Problem to solve:
Beginning with the first entry, restate the data word for word and leave out the images.

Records drawn from a dataset:
Segment Open
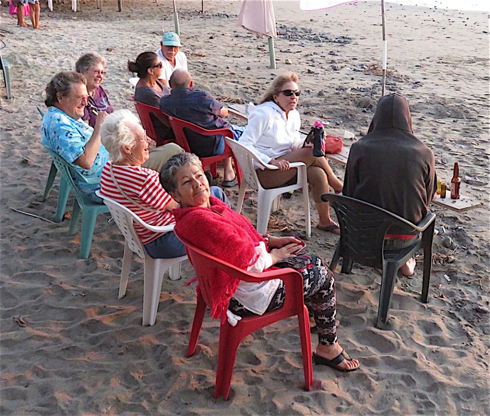 Then, back at the beach bar, who is that hooded guy, anw\yhow?
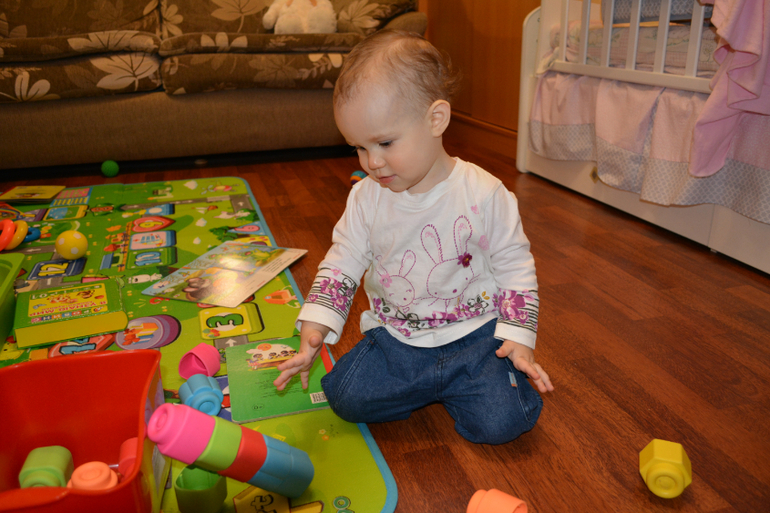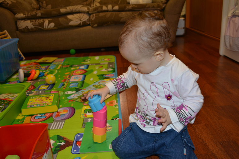 Строим башенки из кубиков, книжек и прочих подручных средств! Ломать тоже любит - не без этого) Начала проявлять интерес к созиданию) Любит складывать что-то куда-то. Игрушки в ящики, камешки в стакан, пуговицы в мисочки и долго так можно складывать, выкладывать)
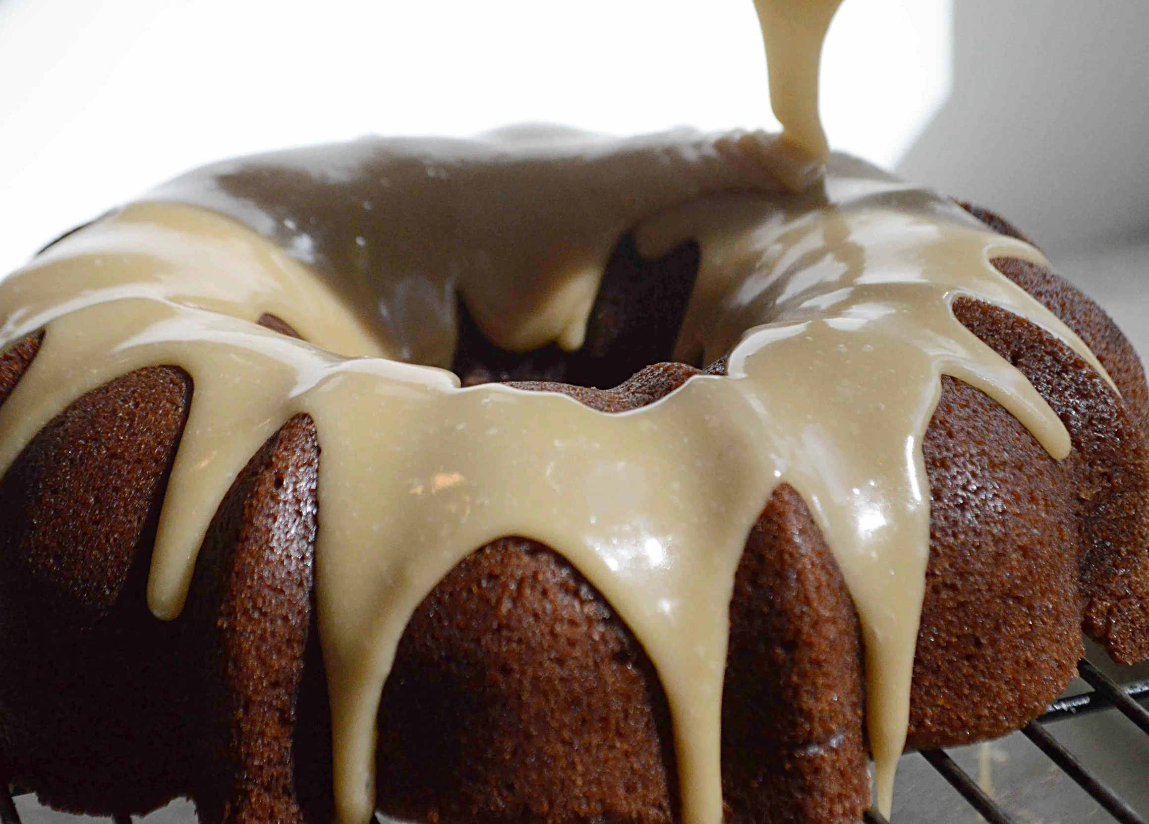 1. To make the cake: preheat oven to 350ºF and spray a 12-cup Bundt pan with the butter/flour spray or butter and flour the pan. Set aside.
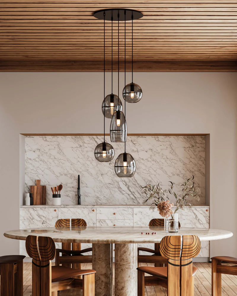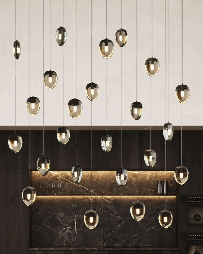 The Foliole Collection reimagines a leaf form, with a flattened shape that textures the glass and softly diffuses the light.
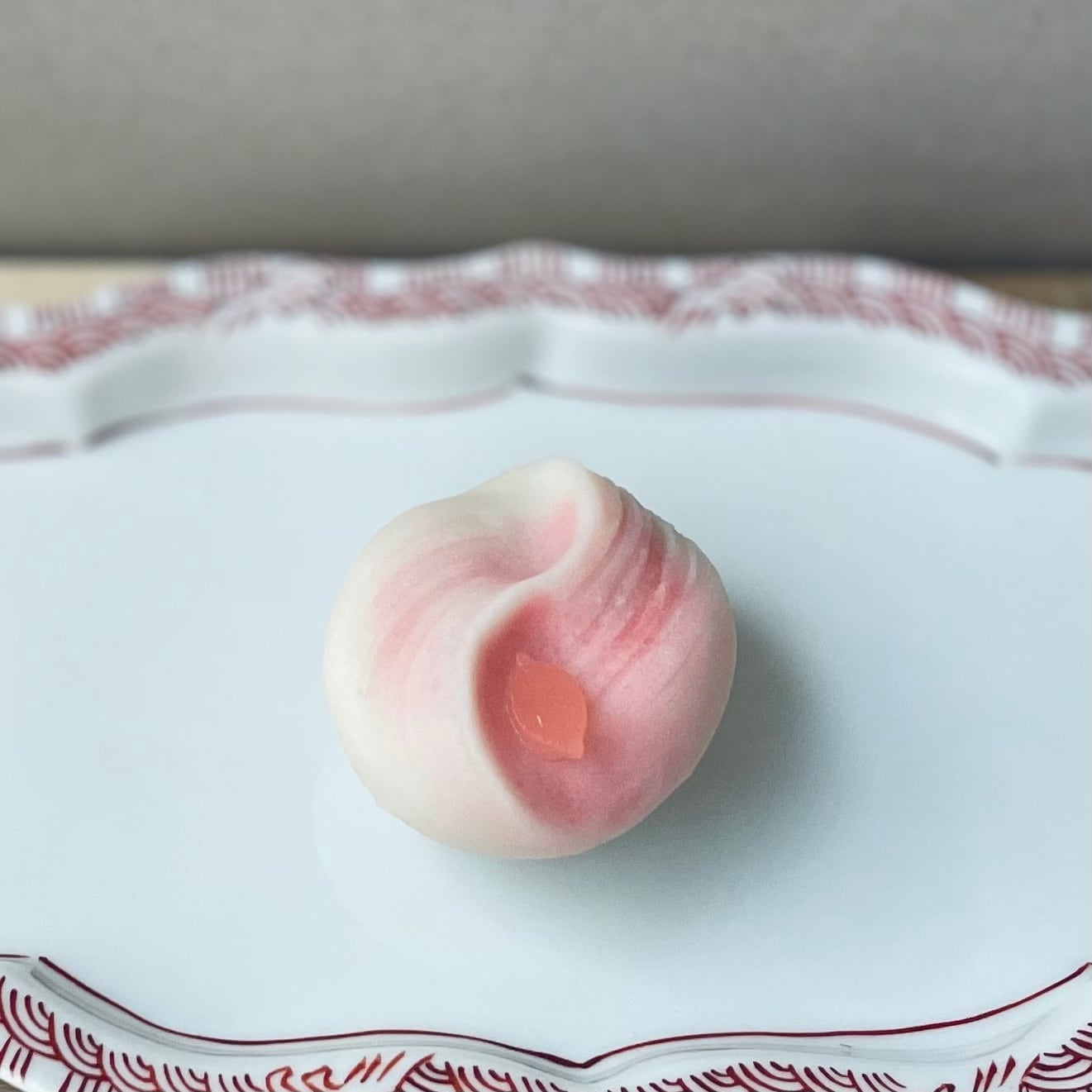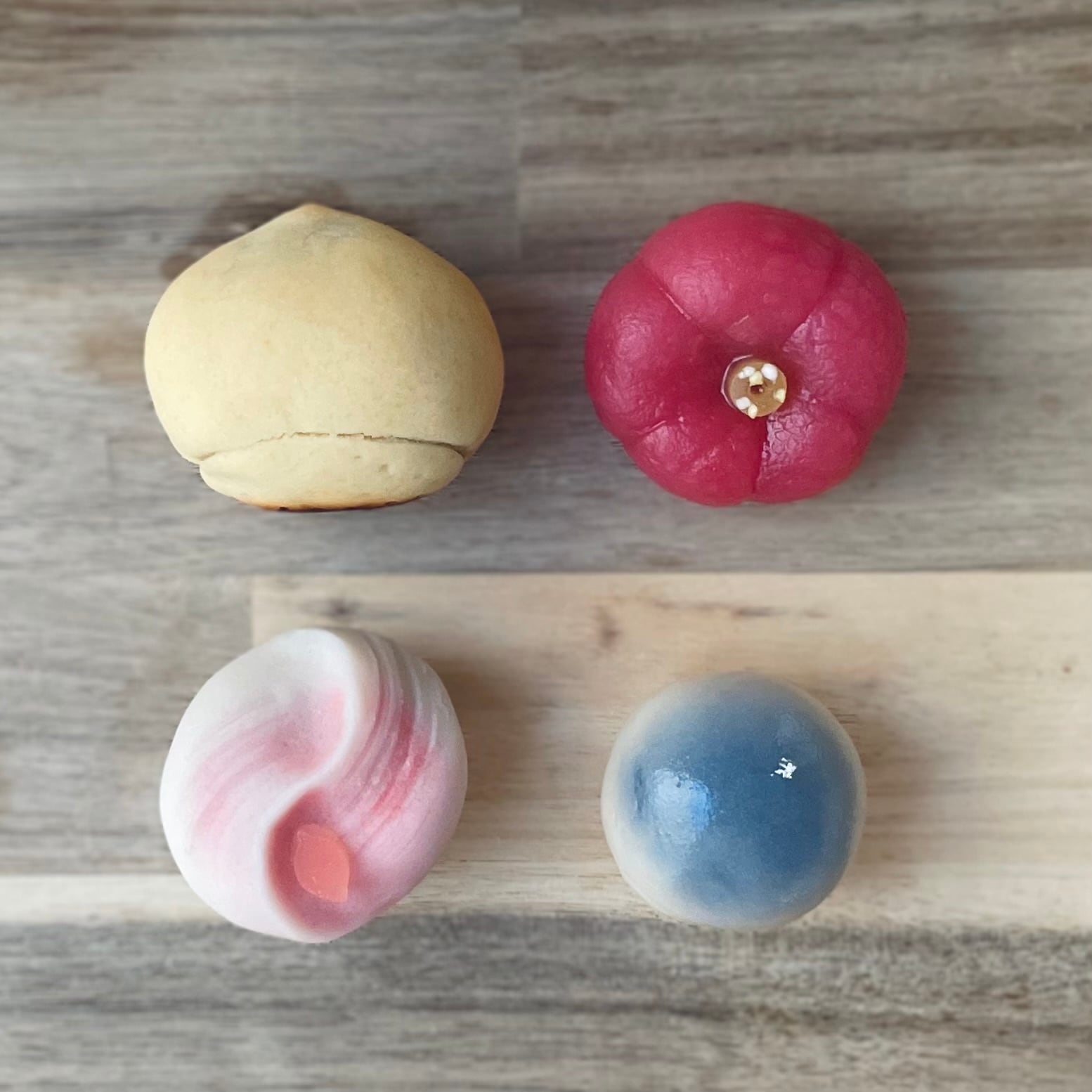 白並餡に小麦粉を合わせて蒸しあげた生地「こなし」で、ラムレーズンとチェダーチーズを包みました。
Segment Closed
Task solution:
 Then, back at the beach bar, who is that hooded guy, anw\yhow?
 Строим башенки из кубиков, книжек и прочих подручных средств! Ломать тоже любит - не без этого) Начала проявлять интерес к созиданию) Любит складывать что-то куда-то. Игрушки в ящики, камешки в стакан, пуговицы в мисочки и долго так можно складывать, выкладывать)
 1. To make the cake: preheat oven to 350ºF and spray a 12-cup Bundt pan with the butter/flour spray or butter and flour the pan. Set aside.
 The Foliole Collection reimagines a leaf form, with a flattened shape that textures the glass and softly diffuses the light.
 白並餡に小麦粉を合わせて蒸しあげた生地「こなし」で、ラムレーズンとチェダーチーズを包みました。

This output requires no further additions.